/ 12 August 2005

…. Eschew the label

Not every woman is an affirmative action appointment or candidate. Neither is every black person.

Take Maria Ramos, the chief executive of Transnet. She has been the only post–apartheid boss of the transport parastatal with a clear strategic sense of what needed to be fixed.

And she has moved quickly to take tough decisions to pursue her strategy: costs are being cut; South African Airways and Metrorail will be hived off, with Transnet becoming a pure transport logistics company. She promises no quick fixes and says Transnet’s restructuring is a 10-year job. With a financial skills-set to match her political weight, it’s clear that Ramos was not appointed only because she is a woman.

And, she is doing a better job than her predecessors, Mafika Mkwanazi and Saki Macozoma.

Consider Vuyani Ngalwana, the Pension Funds Adjudicator. He has taken a fire-cracker to the slumbering life industry with a set of rulings against it that is forcing an overhaul of costs, commissions and customer service.

It’s about time and though other (white male) adjudicators have sat in the chair none has dared stare the giant in the eye or seen the obvious problems with pension fund pay-outs and punitive fees.

With a set of relevant technical skills (Ngalwana is a lawyer who specialises in pensions law and has worked at the special investigations unit), he also has a fine sense of timing and an independent spirit.

Yet business and even the government, desperate to chase the targeted number of affirmative action candidates, notch up every black person and all women as such. It is wrong for many reasons, most importantly because you will always wear a label that says: ”but for employment equity I would not be here”. Of course, that is patently nonsense and does not take account of the history of apartheid or of the old, exclusionary boys’ networks that new policies seek to overturn. But the recruitment industry as well as the business and public sectors it serves is giving equity a bad name by labelling positions and appointments in these ways. A quick scan of the recruitment sections will show many jobs labelled ”AA Only” when this is against the law, which provides that positions must be run as equal contests though companies, government departments and organisations may state their commitment to achieving equity.

The practice is fuelling a dangerous white male victimology in society and makes more imperative the need to ensure that equity is seen as a process applied only to candidates in need of the hand-up. This would also be empowering to people like Ramos and Ngalwana because it would make it clear that they are there on their own steam.

It would also hasten the sunset of equity and black economic empowerment practices (and the consequent normalisation of society) as it would ensure that the private and public sectors widened the pool of black people available for advancement. At the moment, we’re all resting on our laurels as a small pool of black professionals do the ”black bounce” from job to job. The annual state of employment equity reports released by the Commission for Employment Equity reveal that a small percentage of eligible companies submit their reports.

In addition, with the government sitting on a 30% vacancy rate in key areas, it’s clear that firstly, there is still political resistance to equity and secondly, the national skills training plan is not yet producing the graduates able to take up the vacancies.

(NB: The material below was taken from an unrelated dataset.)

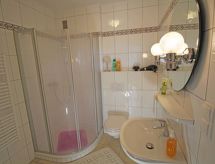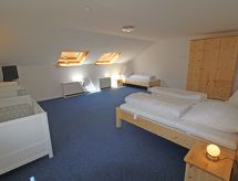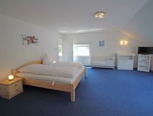 Apt 4 pièces 134 m2 sur 2 niveaux, au rez-de-chaussée. Aménagement moderne et de bon goût: séjour/salle à manger 36 m2 avec TV (satellite) (écran plat), lecteur CD et DVD. Sortie sur la terrasse. 1 chambre 17 m2 avec 1 lit double (180 cm, longueur 200 cm). 1 chambre 13 m2 avec 2 lits (90 cm, longueur 200 cm). Petite cuisine 6 m2 (4 plaques de cuisson, four, lave-vaisselle, grille-pain, bouilloire électrique, four micro-ondes, cafetière électrique). Douche/WC. À l'étage supérieur: 1 chambre 36 m2, mansardée avec 1 lit (90 cm, longueur 200 cm), 1 lit double (180 cm, longueur 200 cm), TV (satellite) (écran plat), DVD. Bain/WC. Terrasse 43 m2. Meubles de terrasse, barbecue. A disposition: lave-linge, fer à repasser, moustiquaire, chaise haute pour enfant, sèche-cheveux, table à langer. Internet (Connexion WIFI, gratuit). Veuillez noter: logement non-fumeur. Maximum 2 animaux/ chiens autorisés. Détecteur de fumée.- Caractéristiques de l'hébergement

Equity is consequently expensive (big fish in small pools cost a lot) and can be a disincentive that will prevent the policies being implemented at the depth required to make a difference and to result ultimately in the non-racial society which is the desired outcome of black advancement.

But with the equity and BEE laws applied on the basis of designated groups, it is going to prove very difficult for individuals to claim their right to run equal races and to be regarded as the best person for the job, and not as not quite the best! It will come only at personal insistence that once affirmed you migrate out of the pool of equity candidates and assume your position as a South African, equal in every way.